Если бы я, профан, публиковал свои собственные идеалы развития сельского хозяйства и железной промышленности, то гг. Полетика и Орлов-Давыдов в свою очередь объявили бы, что такого развития они не хотят. Точно так же когда говорят: этот человек неразвит или малоразвит, надо ему помочь развиться, то фраза эта получает определенное содержание только по объяснении предлагаемого типа развития. Конечно, выражение гр. Толстого «гармоническое развитие» тоже требует пояснения.
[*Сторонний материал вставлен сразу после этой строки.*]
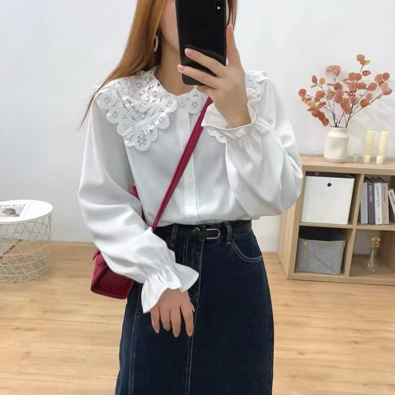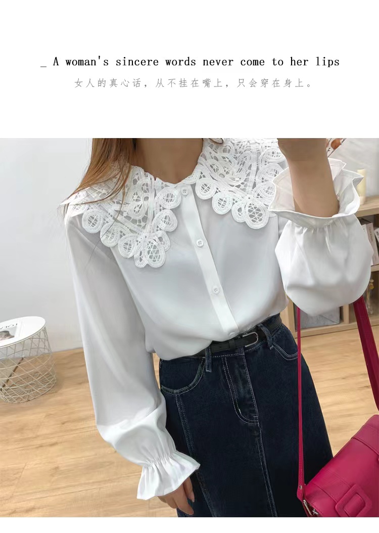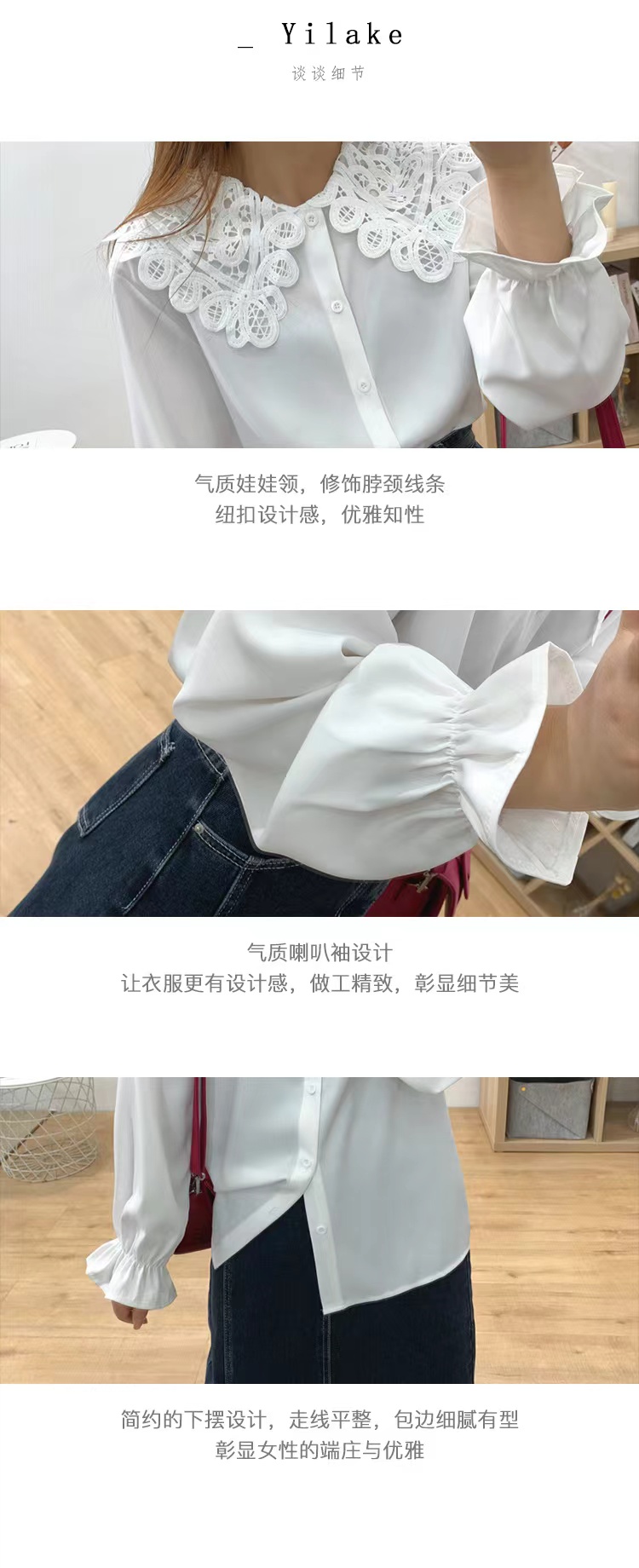 限七夕活动-样衣微脏~娃娃领拼雪纺小衫上衣-喜出

Но он его и дает. Относительно Лукашек и Илюшек он с особенною силою и очень часто упирает на то, что эти люди «сами удовлетворяют своим человеческим потребностям». Из совокупности его воззрений следует заключить, что в этом-то и состоит идеал, находящийся сзади нас. Дайте этому типу подняться на высшую ступень, но не подменивайте его иным типом развития на том только основании, что этот иной тип развит высоко. Так рассуждает гр. Толстой, и я думаю, что воззрения его оправдываются и наукою и справедливостью. Гармоническим развитием наука – и физическая и нравственная, может назвать только полное, разностороннее и равномерное развитие всех сил и способностей. Если же я не сам удовлетворяю своим потребностям, как Лукашка и Илюшка удовлетворяют своим, а пользуюсь чужими услугами, то, значит, некоторые мои силы остаются без работы и гармония моей жизни нарушена, я – человек исковерканный, хотя бы некоторые другие мои силы получили колоссальное развитие. Поэтому гр. Толстой совершенно прав, утверждая, что идеал наш – позади нас. Пусть трудно осуществить его в настоящем и будущем, потому что работа жизни становится все многосложнее и, следовательно, все труднее сохранить или восстановить гармонию сил. Но идеал все-таки поставлен, возможно приближение к нему, которое и есть истинный путь прогресса. У нас, напротив, прогрессом называется вся совокупность отклонений от этого пути.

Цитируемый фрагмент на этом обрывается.